Why Santorini deserves more than a quick visit

For Korean travellers, this shift is important. Santorini is not best experienced as a rushed photo stop. It is an island that becomes more rewarding when travellers stay for several days. Konidaris said Korean visitors usually stay “three or four days.” That length of stay allows the island to be experienced as a place, not only as a postcard.

Oia’s sunset may be the most famous scene, but it should not be the whole journey. The walk from Fira toward Imerovigli, the archaeological site of Akrotiri, the black beaches of Perissa and Kamari, volcanic boat trips, hot springs, wineries, small restaurants, quiet alleys and caldera-side mornings all add layers to the experience. Santorini is a place to photograph, but it is also a place to walk, taste, sit, wait and watch the light change.

Santorini wine deserves a deeper place in the Korean travel imagination. The island’s volcanic soil, dry climate and strong winds have shaped a distinct wine culture. The traditional low basket-shaped training of vines shows how local people adapted to the island’s demanding environment. For many Koreans, Santorini is still known mainly as a visual destination. In the future, it can also be introduced as a place of wine, gastronomy, island living and slow travel.

Santorini and the Korean travel market

Santorini has a clear advantage in Korea: the name is already known. Many people recognise the island, and even more have seen its images. The challenge is to help travellers move from admiration to planning. Santorini must be explained not only as a beautiful island, but as a destination with routes, seasons, connections, recommended stays and ways to avoid unnecessary crowding.

Konidaris also showed interest in press trips and travel industry familiarisation trips from Korea. He noted that journalists and travel professionals from several countries visit Santorini, stay for two or three days, see the island, take photographs and write their stories. For Korea, direct experience of this kind can be highly valuable. Santorini may already be powerful in photographs, but first-hand stories can give the island depth, credibility and practical meaning for Korean travellers.

This is where Santorini’s story becomes especially relevant for travel media. A photograph can awaken desire, but good content turns that desire into a journey. Travellers need to know how to arrive, where to stay, how long to remain, what to see beyond Oia, how to combine Santorini with Athens or other islands, and how to experience the island at a more comfortable pace.

The Greek journey that begins with Santorini

Santorini can also become the beginning of a broader Greek journey. A classic itinerary may connect Athens and Santorini. Another may combine Santorini with Mykonos or Crete. More extended routes can bring together the Aegean islands, ancient sites, Meteora, wine regions and cultural landscapes. Yet Santorini remains the first dream for many Korean travellers. It is the image that opens the door to Greece.

For tomorrow’s Korean market, Santorini should not be introduced only as a pretty island.

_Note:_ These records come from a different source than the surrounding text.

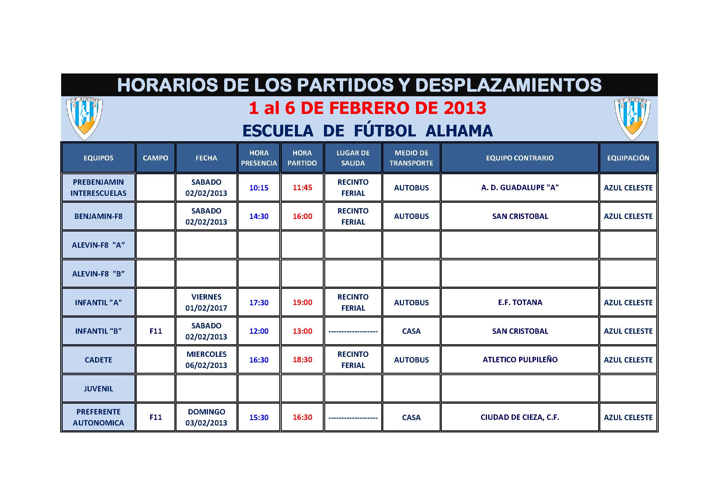 Horarios jornada 1 al 6 de Febrero 2013.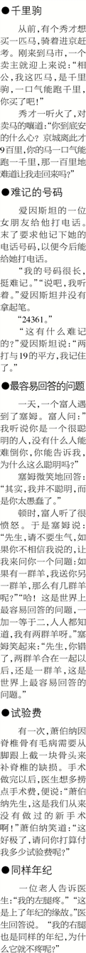 有一次,萧伯纳因脊椎骨有毛病需要从脚跟上截一块骨头来补脊椎的缺损。手术做完以后,医生想多捞点手术费,便说:“萧伯纳先生,这是我们从来没有做过的新手术啊!”萧伯纳笑道:“这好极了,请问你打算付我多少试验费呢?”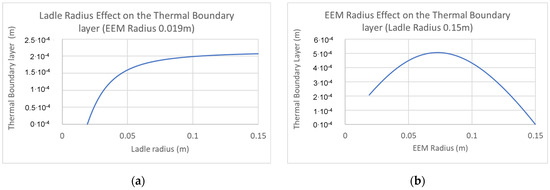 Here, (Pa s) is the viscosity, is the specific heat (J/kg K) and (W/m K) is the thermal conductivity. The effects of the ladle diameter are shown in Figure 2a, and the effect of the EEM diameter is shown in Figure 2b. Critical to note here is that as the ladle radius increases, the thermal boundary layer is monotonically increasing. However, as the EEM radius increases, there will be a maximum where the temperature gradient is steeper for both smaller and larger radii, representing a minimum in heat flux as the thermal gradient and the associated heat flux increases with a decreasing boundary layer.

It should be presented as a destination that became famous through images, learned to manage its success and now encourages a more meaningful stay. Cruise visitor limits, berth allocation, longer stays, walking routes, wine and island culture all belong to the new Santorini story.

What came through in the conversation with Konidaris was Santorini’s desire to come closer to the Korean market. Santorini is already a world-famous name, but for Korean travellers, it still has many stories to tell. Beyond the white villages and blue domes, there is a volcanic island with its own geography, wine, local life, visitor management challenges and quiet moments that can only be seen by those who stay.

Santorini captured the world through a single photograph. Now, for Korean travellers, the next step is to step inside that photograph and experience the island’s light, wind and time. Santorini is still beautiful. And it is learning how to protect that beauty for the people who come to see it.